Adherents of sacred violence will always decry those who follow ‘the slippery slope’ of desacralization for they are correct: once the church or the Bible becomes desacralized, it becomes profane, or part of the common world or the common public. And this is exactly what has happened in Protestantism for the past 350 years or more. This is why Fundamentalists and Evangelicals are so terrified at losing their ‘Holy Book’ for they know once that happens they will no longer be able to call upon their ‘Holy God’ in order to justify their ‘Holy Mythology’ of violence. They somehow intuit that the desacralization of the Book leads to the profanation of the planet where all life would be considered precious.  They somehow sense that without their ‘Holy Book’ the marks of differentiation which allow them to parade their ‘rightness’ and also allow them to justify theologies that differentiate (Christian/Pagan, Heaven/Hell, saint/sinner) also fall by the wayside. Well, Hallelujah, it is the Gospel that is breaking down these humanly constructed sacred walls (Eph 2, Gal 3:28ff).

It is not the desire to live ‘unholy’ lives that is bringing about the desacralization of the Christian faith; nor is it some alleged desire for people to run amok in moral chaos. No. It is the cross of Christ which is doing all this damage to Christianity as a religion, for the Gospel was never meant to form a religion. It is the one message that destructures, invalidates and critiques all religion and it begins first and foremost with that religion which claims the Gospel for itself, Christianity.
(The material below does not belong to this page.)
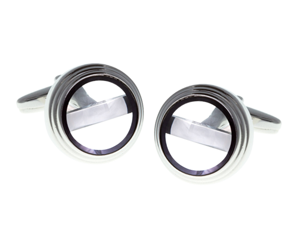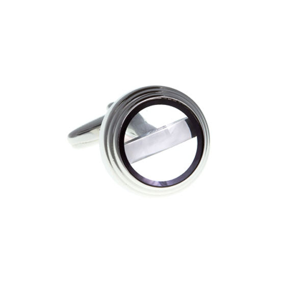 These round clear glass cufflinks with black rim detail are simple and stylish. The glass reflects the light when worn to ensure these unique cufflinks are noticeable on the cuff.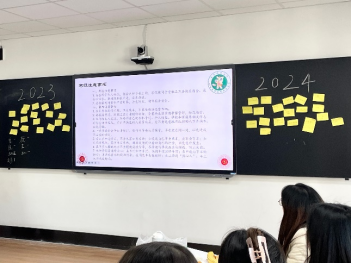 每位同学在便利贴上写下自己本学期的个人小结和下学期的未来展望,并张贴在黑板两侧。有同学表示在本学期学到了很多,有许多收获,并对下学期充满期待,希望在未来的日子里能够“拨云见日,喜乐安康”。

If you are looking for someone to blame for the desacralization of Christianity, don’t blame the gays or the academics or the liberals or the commies or the Muslims or the atheists. Blame God. For it was God who was in Christ reconciling the world to God’s self, it was Jesus who was crucified outside the city in the profane space. It is by the Spirit of God that we are finally able to get past all of our religious superstition and come to terms with the reality that all life is profane before the Cross; and thus if we are going to reinvest space, time , place and history with ‘sacredness’ it will be a sacredness of nonviolence, of peacemaking, of love. This alone is the ‘true’ sacred.